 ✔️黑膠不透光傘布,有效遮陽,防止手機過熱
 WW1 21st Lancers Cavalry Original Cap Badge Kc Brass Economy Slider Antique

----------------------------------------

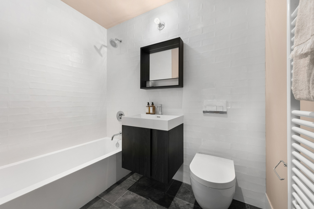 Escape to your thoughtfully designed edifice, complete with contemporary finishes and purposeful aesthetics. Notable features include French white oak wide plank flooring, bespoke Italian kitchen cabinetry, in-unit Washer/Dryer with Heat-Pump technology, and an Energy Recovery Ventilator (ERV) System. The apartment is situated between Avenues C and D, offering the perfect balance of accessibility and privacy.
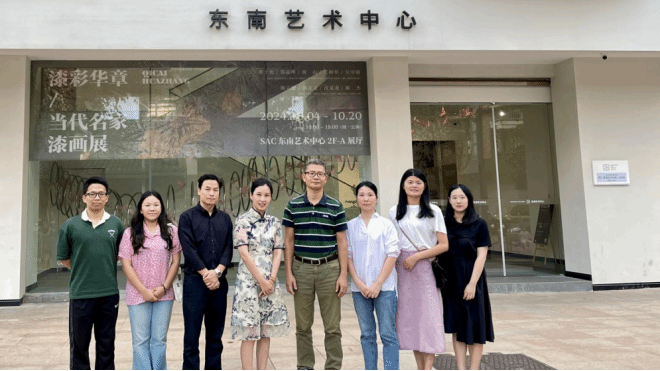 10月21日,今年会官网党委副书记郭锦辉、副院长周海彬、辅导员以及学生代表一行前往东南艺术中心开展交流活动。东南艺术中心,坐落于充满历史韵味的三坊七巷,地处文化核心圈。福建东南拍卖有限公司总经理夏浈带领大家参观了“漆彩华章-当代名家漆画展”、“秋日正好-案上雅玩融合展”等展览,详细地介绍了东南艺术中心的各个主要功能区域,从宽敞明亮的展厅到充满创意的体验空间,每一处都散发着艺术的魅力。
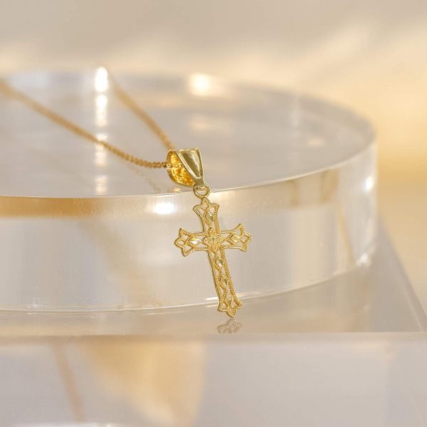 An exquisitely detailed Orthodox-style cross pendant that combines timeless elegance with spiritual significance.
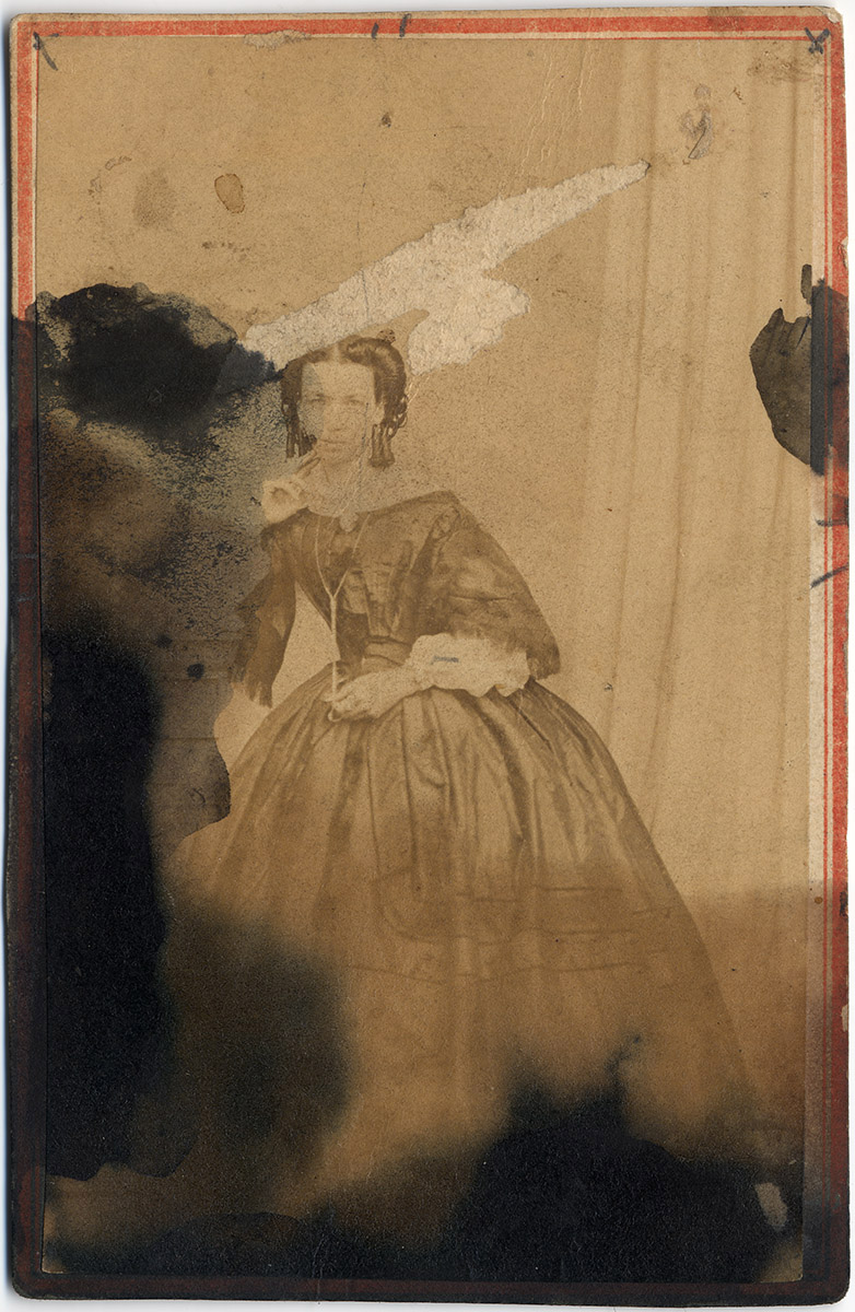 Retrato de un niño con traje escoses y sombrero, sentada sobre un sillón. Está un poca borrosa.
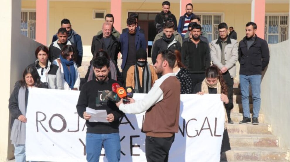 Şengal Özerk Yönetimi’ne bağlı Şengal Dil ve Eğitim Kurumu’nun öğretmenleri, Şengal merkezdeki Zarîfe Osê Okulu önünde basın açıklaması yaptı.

----------------------------------------

ABOUT THIS EXERCISE:
In the entries above, find the line containing "Retrato de un" and the line containing "Şengal Özerk Yönetimi’ne", then copy both and every line between them exactly, without any picture.

TASK RESULT:
 Retrato de un niño con traje escoses y sombrero, sentada sobre un sillón. Está un poca borrosa.
 Şengal Özerk Yönetimi’ne bağlı Şengal Dil ve Eğitim Kurumu’nun öğretmenleri, Şengal merkezdeki Zarîfe Osê Okulu önünde basın açıklaması yaptı.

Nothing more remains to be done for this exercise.